Your answer must be an exact copy of the lines below, from the first through the one with "A PERSIAN MIR", with no pictures.

══ Source data

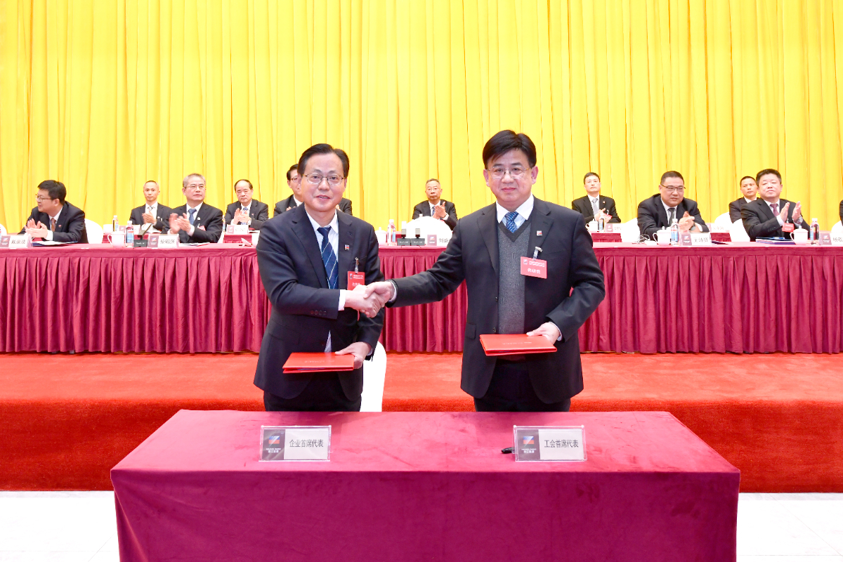 企业方首席代表刘盛辉和职工方首席代表胡斌签订新一轮集体合同。 顾明杰 摄
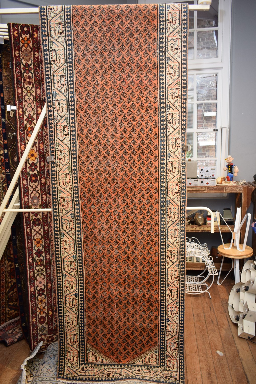 A PERSIAN MIR SERABAND HALL RUNNER, 100% WOOL. SOLID & HARD-WEARING. HAND-KNOTTED VILLAGE WEAVE WITH TRADITIONAL DESIGN OF ALL-OVER MIR BOTEH (PAISLEY) PATTERNS IN A RED FIELD. SCROLL BORDER. GALLERY INVENTORY. IN EXCELLENT CLEAN CONDITION. CERTIFICATE OF AUTHENTICITY INCLUDED. SIZE: 363X89CM, ORIGIN: PERSIA – RRP: $1,900 (MEDIUM ITEM)
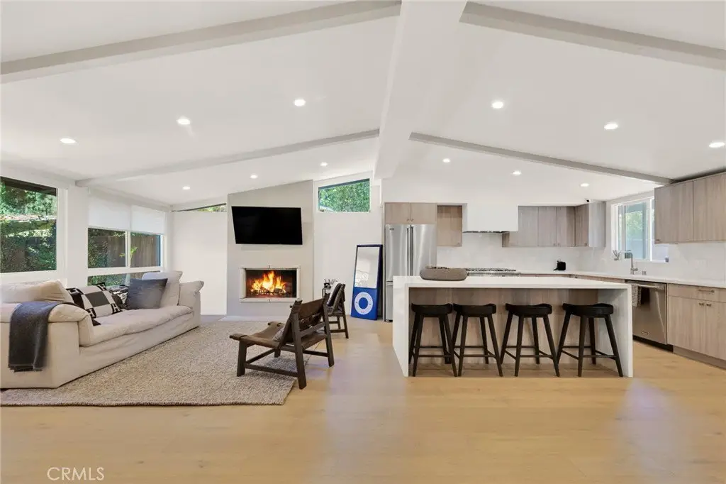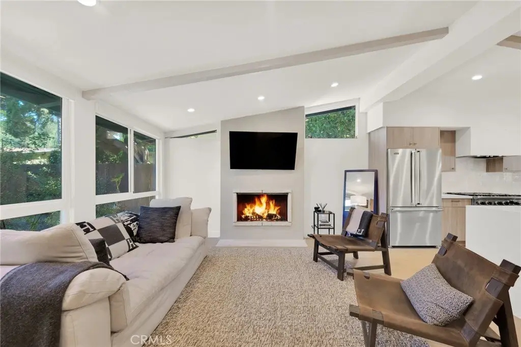 Experience the perfect blend of style and comfort in this beautifully reimagined mid-century modern single-story pool home, ideally situated south of the boulevard in a beautiful sought-after Woodland Hills neighborhood. Originally renovated about three years ago (2023) with high-end finishes and thoughtful design, the home has been lovingly maintained to preserve its like-new feel. Step through a lush, private courtyard into a light-filled living space with soaring beam ceilings and courtyard views. The open-concept great room features European engineered wood floors, an updated fireplace, and a dining area ideal for gatherings. The chef’s kitchen boasts Viking stainless steel appliances, a generous center island with seating, custom flat-panel cabinetry, quartz counters, and a full-height tile backsplash. Designed for seamless indoor/outdoor living, this three-bedroom, two-and-a-half-bath home offers a family room that flows to the pool, firepit, and patio, plus a separate grassy yard. The primary suite includes a custom walk-in closet, spa-like en-suite bath, and direct patio access with serene views. A secondary bedroom also opens to the garden. Extensive upgrades from the renovation done in 2023 include designer fixtures, new windows, roof, HVAC, tankless water heater, updated plumbing/electrical, refreshed pool with new coping, plaster, tile, LED lighting, and more. Close to Ventura Blvd’s dining and shopping, The Village, Westfield Topanga, Calabasas Commons, award-winning schools, beaches, and the 101 Freeway—this home offers a private retreat with unbeatable convenience. Call Sheila Cathers or Julie Saldivar at 818-993-7370

════

# [Answer section]
 企业方首席代表刘盛辉和职工方首席代表胡斌签订新一轮集体合同。 顾明杰 摄
 A PERSIAN MIR SERABAND HALL RUNNER, 100% WOOL. SOLID & HARD-WEARING. HAND-KNOTTED VILLAGE WEAVE WITH TRADITIONAL DESIGN OF ALL-OVER MIR BOTEH (PAISLEY) PATTERNS IN A RED FIELD. SCROLL BORDER. GALLERY INVENTORY. IN EXCELLENT CLEAN CONDITION. CERTIFICATE OF AUTHENTICITY INCLUDED. SIZE: 363X89CM, ORIGIN: PERSIA – RRP: $1,900 (MEDIUM ITEM)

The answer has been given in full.